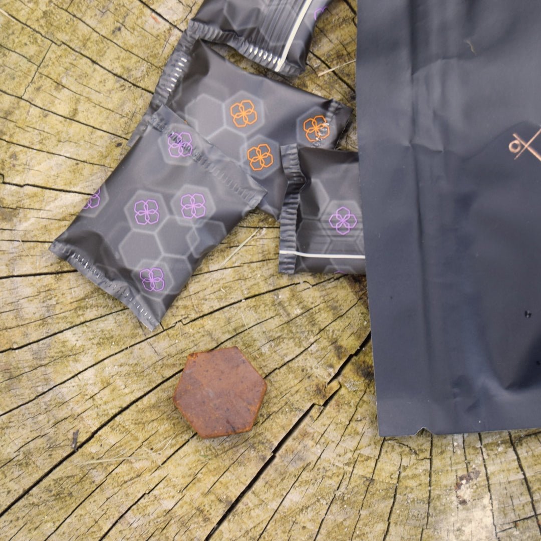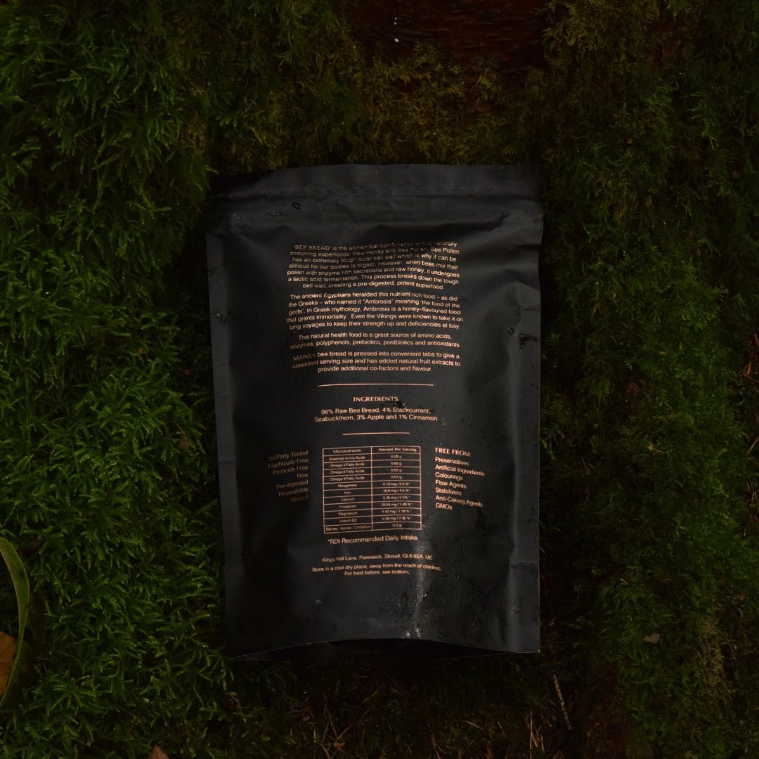 96% Raw, glyphosate and pesticide free Bee Bread. 4% fruit extracts (Blackcurrant / Seabuckthorn / Apple and Cinnamon)
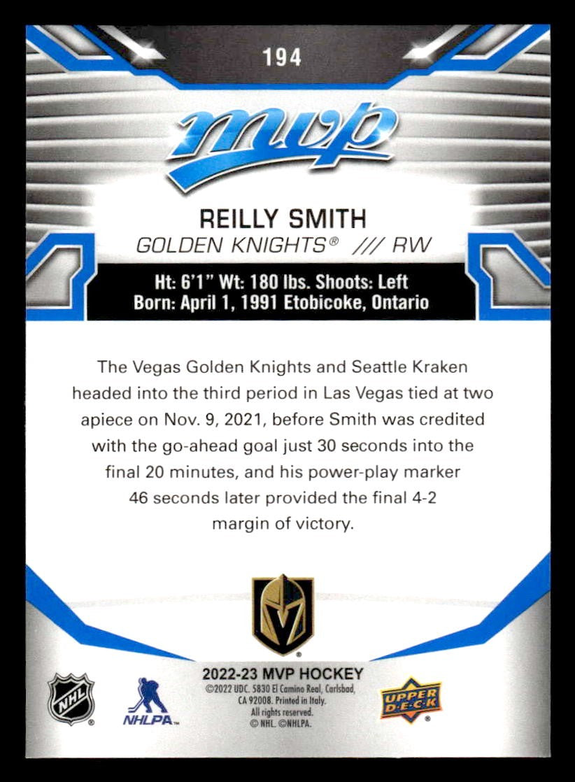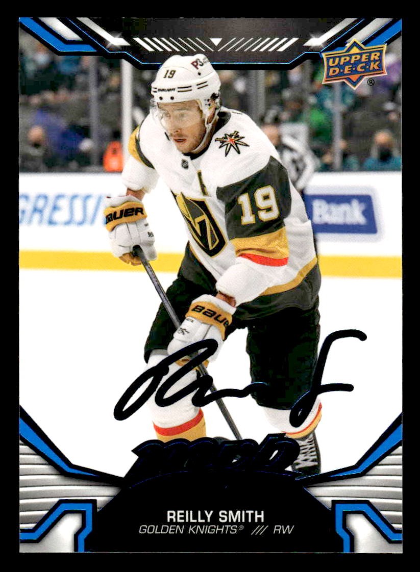This is a nice example of a 2022-23 Upper Deck MVP #194 Reilly Smith Blue Script
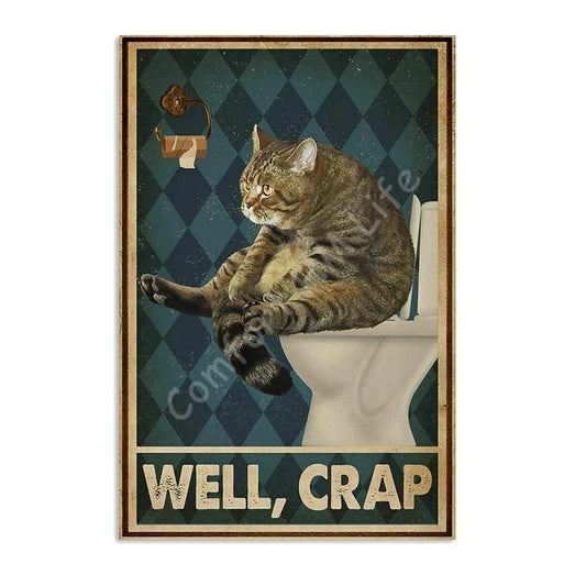 Vintage Restroom Well Crap Cat Poster Art Print Decor for Home Shop Funny Metal Tin Sign Wall Decor Man Cave Retro Metal Signs
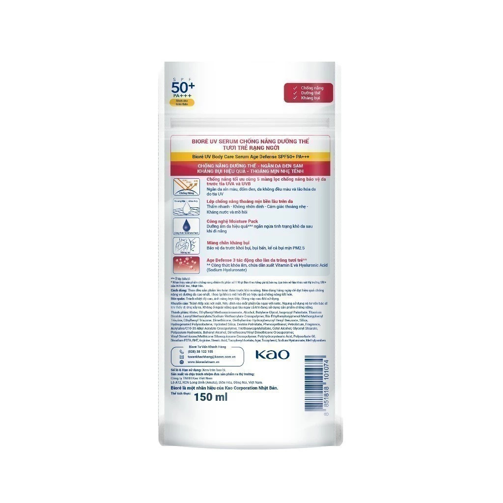 Combo 2 Serum chống nắng dưỡng thể kháng bụi – tươi trẻ Biore 150ml
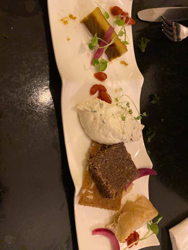 7.5/10The pros: original well presented tasty vegan dishes, nice ambiance, reasonable service. The cons: 1) all the dishes were cold - without any warning; 2) the wine was extortionate - at 39 € the cheapest bottle on the menu was was practically undrinkable!; 3) the portions were small, but worst surprise of all: 4) they served no bread at all unless you paid extra - le pain est payant! Pour un resto déjà pas donné, ça laisse un gout de pingre.
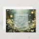 Ethereal forest path of flowers and trees are featured in this magical enchanted sage green wedding rsvp, with glowing lights.
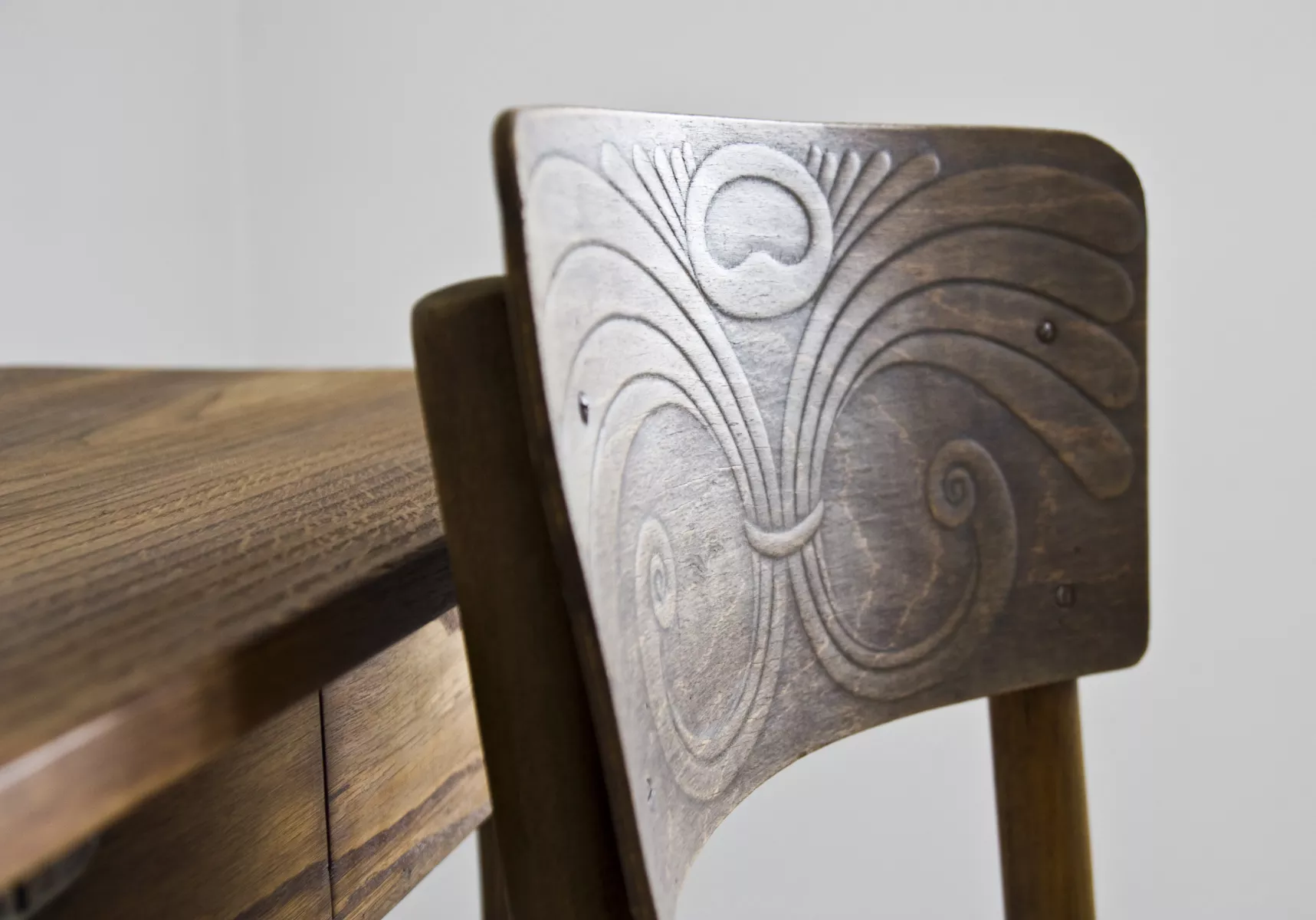 Stare dębowe biurko w komplecie z krzesłem. Meble pochodzą z Polski i zostały oczyszczone ze starej politury do surowego drewna co ujawniło przepiękne usłojenie. Całość jest bardzo stabilna, szuflada  wyłożona jest granatowym suknem. Wszystko jest czyste i nie ma zapachu stęchlizny. Meble są zakonserwowane i gotowe do użytku.
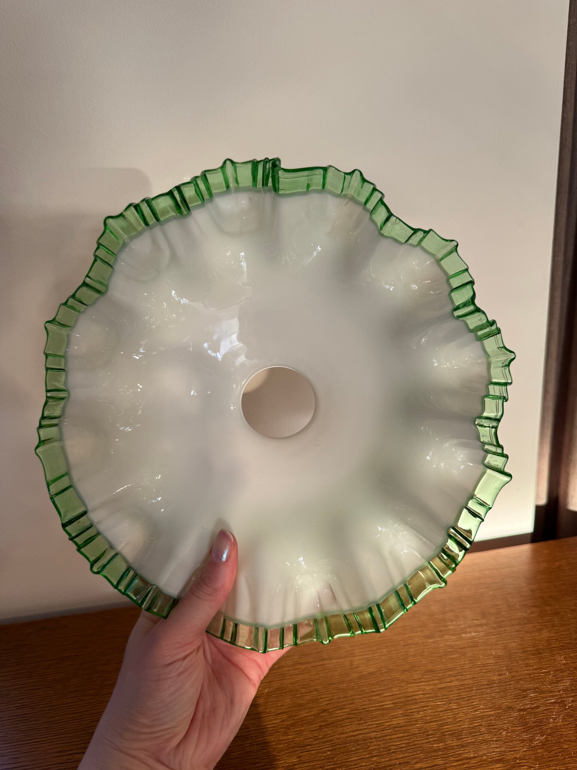 - Materiaal: melkglas (opaline glass)
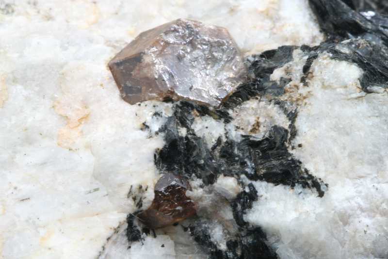 Braune Zirkon-Kristalle. Die Größe des eingeschränkten Zirkons beträgt bis zu 8 mm.
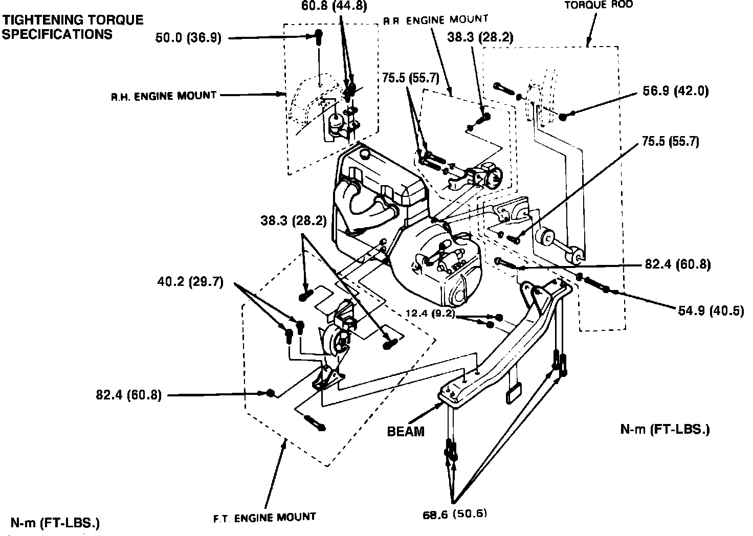 6. Remove through bolts and nuts from front and rear engine mounts.

#### REQUIREMENT:
Print exactly, and only, the lines from the one with "- Materiaal: melkglas (opaline glass)" through the last line of the listing above. No pictures belong in the copy.

#### PROBLEM SOLUTION:
 - Materiaal: melkglas (opaline glass)
 Braune Zirkon-Kristalle. Die Größe des eingeschränkten Zirkons beträgt bis zu 8 mm.
 6. Remove through bolts and nuts from front and rear engine mounts.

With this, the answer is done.